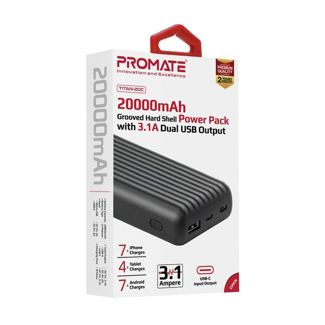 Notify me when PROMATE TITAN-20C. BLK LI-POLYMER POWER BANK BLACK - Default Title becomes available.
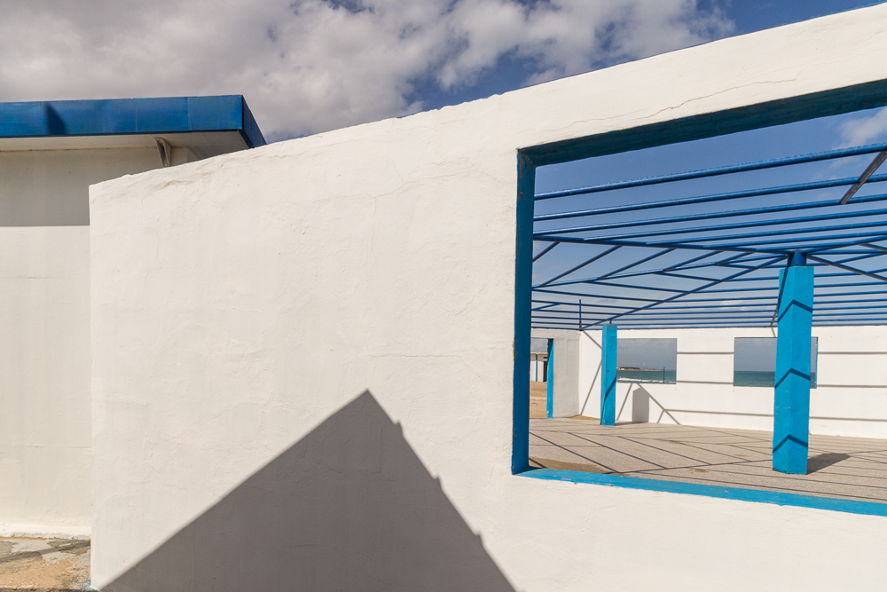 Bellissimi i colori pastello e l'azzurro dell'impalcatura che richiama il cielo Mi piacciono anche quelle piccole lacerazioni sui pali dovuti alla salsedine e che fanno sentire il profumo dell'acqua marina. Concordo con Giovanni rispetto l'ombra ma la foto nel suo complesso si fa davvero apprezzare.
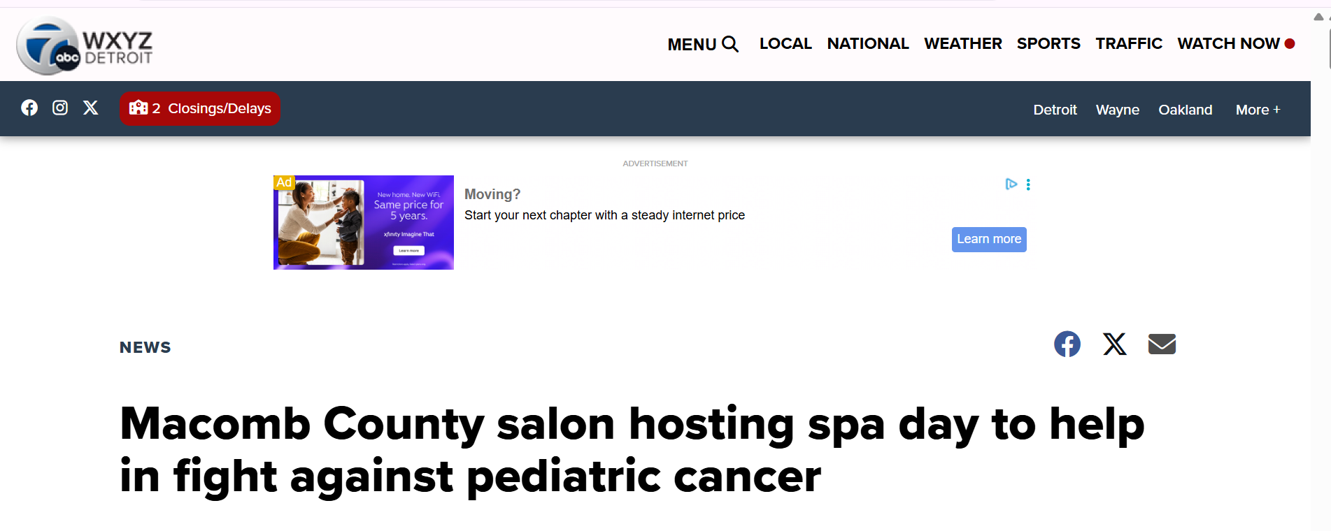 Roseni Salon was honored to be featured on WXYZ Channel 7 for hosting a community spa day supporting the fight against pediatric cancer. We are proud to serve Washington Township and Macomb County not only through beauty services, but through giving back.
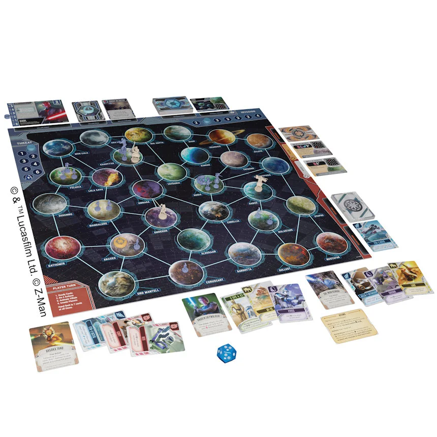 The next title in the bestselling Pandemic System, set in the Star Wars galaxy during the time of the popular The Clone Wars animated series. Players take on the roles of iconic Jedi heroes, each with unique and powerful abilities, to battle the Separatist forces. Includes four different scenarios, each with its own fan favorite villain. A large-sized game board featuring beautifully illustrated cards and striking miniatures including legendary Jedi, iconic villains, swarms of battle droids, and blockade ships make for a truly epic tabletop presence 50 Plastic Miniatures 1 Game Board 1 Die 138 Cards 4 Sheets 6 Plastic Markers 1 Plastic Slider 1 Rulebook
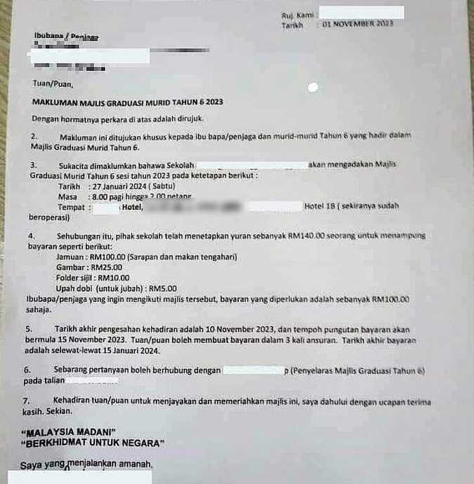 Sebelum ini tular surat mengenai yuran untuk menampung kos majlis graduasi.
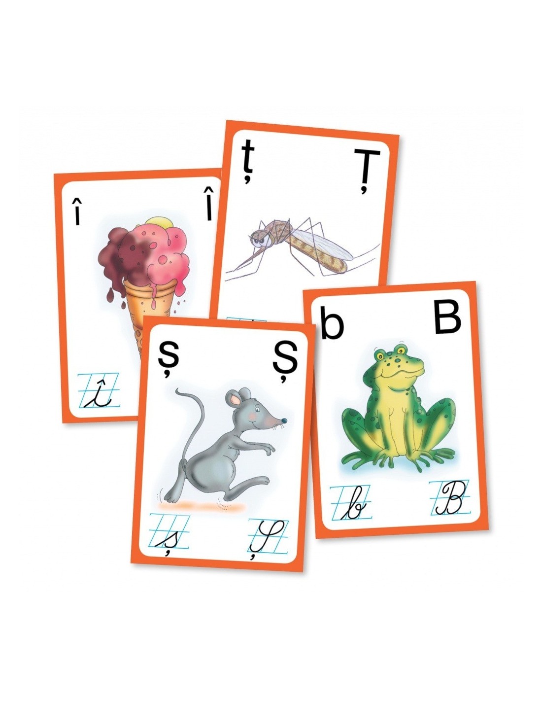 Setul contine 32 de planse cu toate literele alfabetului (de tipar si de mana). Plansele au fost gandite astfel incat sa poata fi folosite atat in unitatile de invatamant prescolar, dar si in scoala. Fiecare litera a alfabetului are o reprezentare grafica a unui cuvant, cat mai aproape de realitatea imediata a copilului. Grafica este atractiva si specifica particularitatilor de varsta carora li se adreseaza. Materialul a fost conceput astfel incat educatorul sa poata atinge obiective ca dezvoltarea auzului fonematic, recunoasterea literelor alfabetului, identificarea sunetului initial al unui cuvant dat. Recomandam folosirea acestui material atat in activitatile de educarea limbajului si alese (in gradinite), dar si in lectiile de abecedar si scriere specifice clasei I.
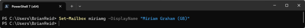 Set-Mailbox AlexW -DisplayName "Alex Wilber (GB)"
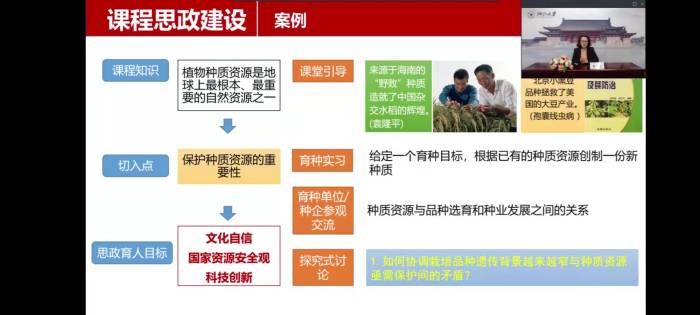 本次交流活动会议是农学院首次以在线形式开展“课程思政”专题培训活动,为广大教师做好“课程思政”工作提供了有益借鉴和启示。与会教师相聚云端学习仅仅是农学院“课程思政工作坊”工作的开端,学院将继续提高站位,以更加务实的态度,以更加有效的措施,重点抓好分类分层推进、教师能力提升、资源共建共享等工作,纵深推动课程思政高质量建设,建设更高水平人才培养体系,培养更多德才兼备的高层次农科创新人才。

---------------

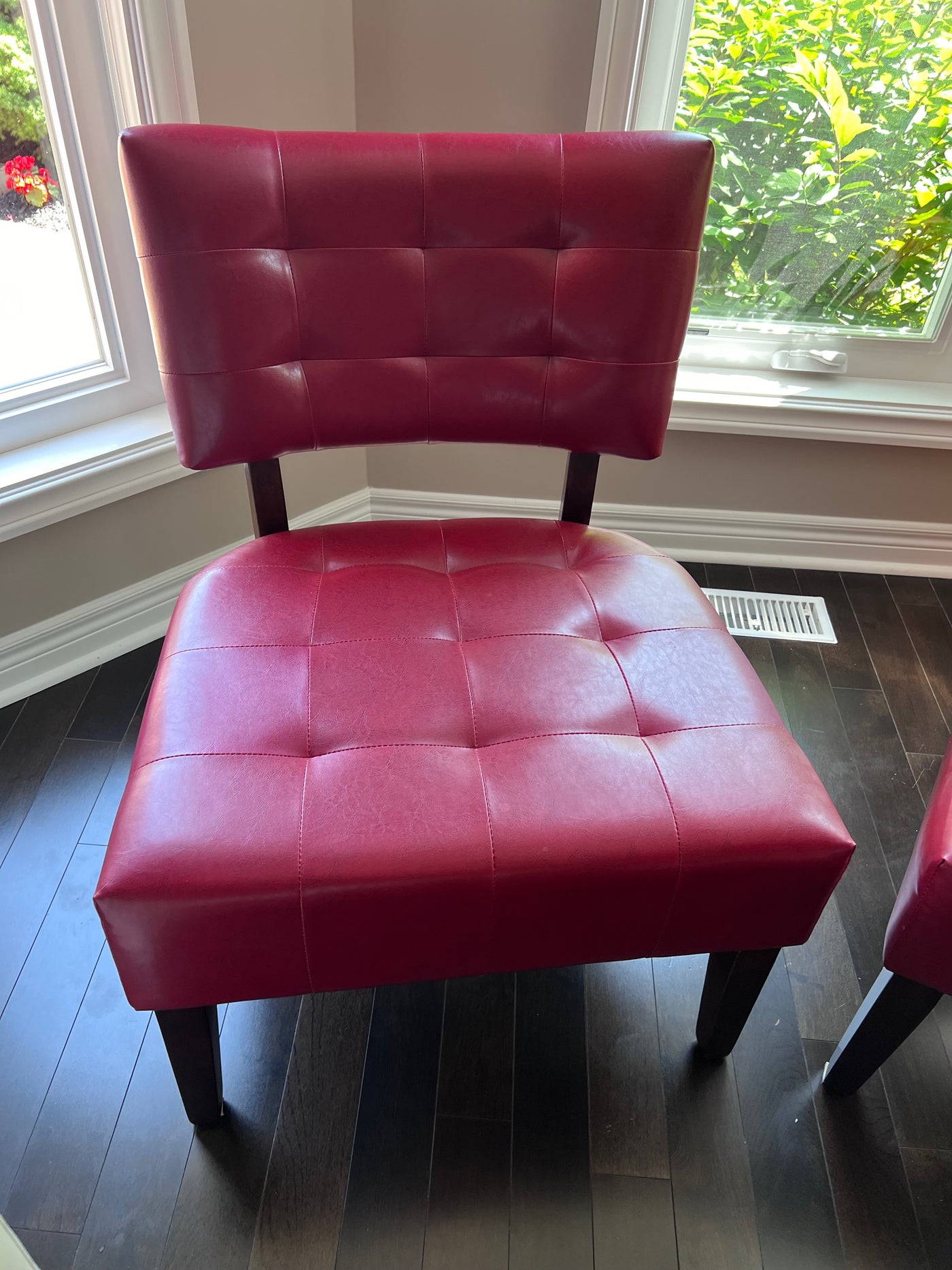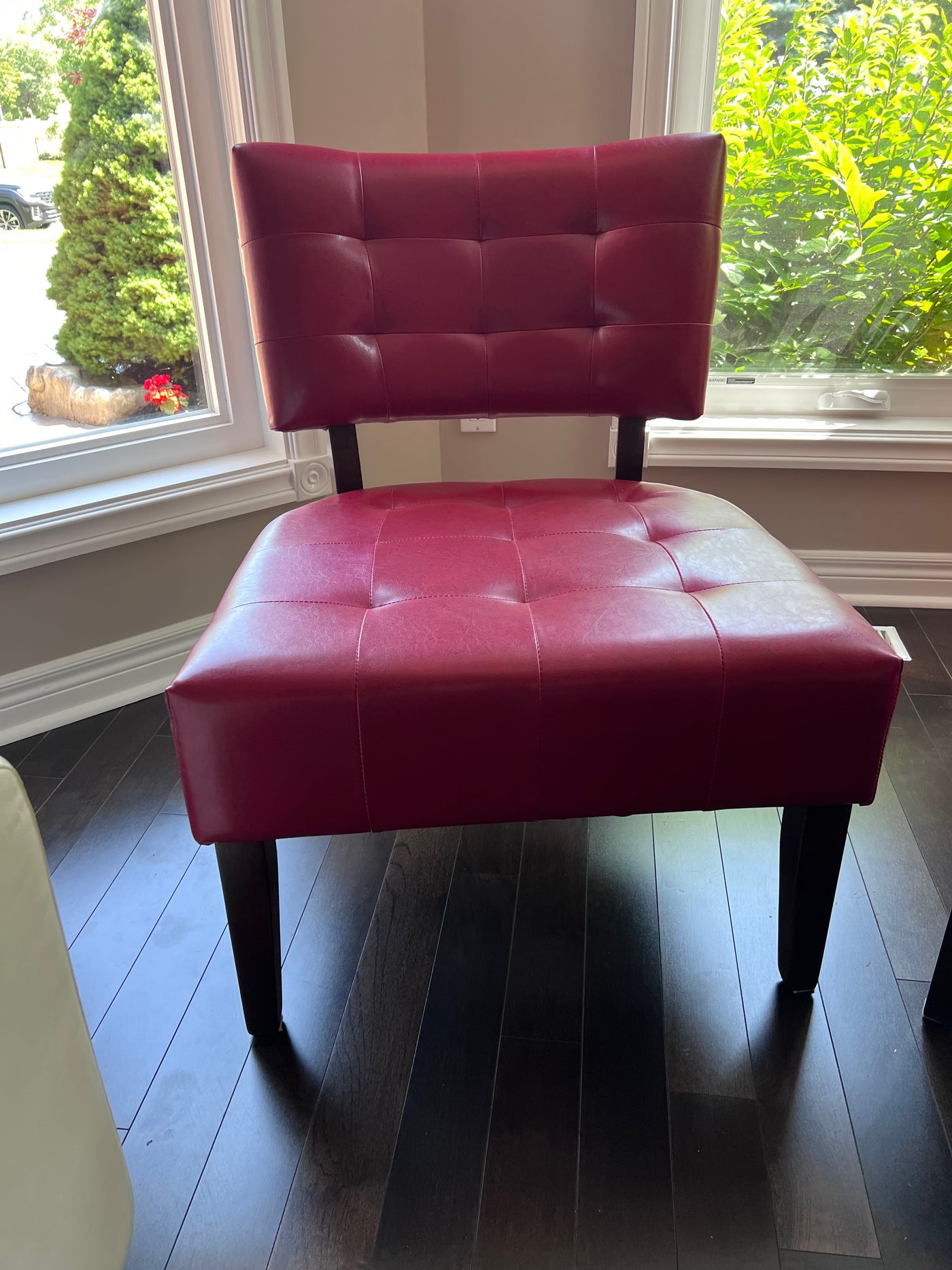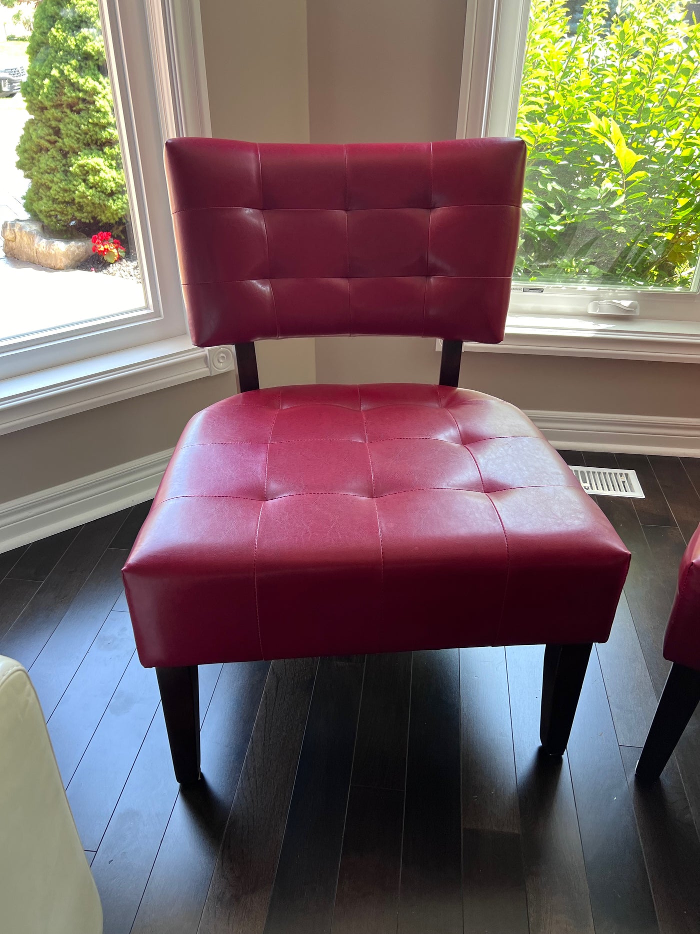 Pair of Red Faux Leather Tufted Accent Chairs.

---------------

TASK TO CARRY OUT =
Taking the records above, print only and exactly the lines from the line with "Notify me when" to the line with "Roseni Salon was", both kept, and exclude pictures.

EXERCISE OUTPUT =
 Notify me when PROMATE TITAN-20C. BLK LI-POLYMER POWER BANK BLACK - Default Title becomes available.
 Bellissimi i colori pastello e l'azzurro dell'impalcatura che richiama il cielo Mi piacciono anche quelle piccole lacerazioni sui pali dovuti alla salsedine e che fanno sentire il profumo dell'acqua marina. Concordo con Giovanni rispetto l'ombra ma la foto nel suo complesso si fa davvero apprezzare.
 Roseni Salon was honored to be featured on WXYZ Channel 7 for hosting a community spa day supporting the fight against pediatric cancer. We are proud to serve Washington Township and Macomb County not only through beauty services, but through giving back.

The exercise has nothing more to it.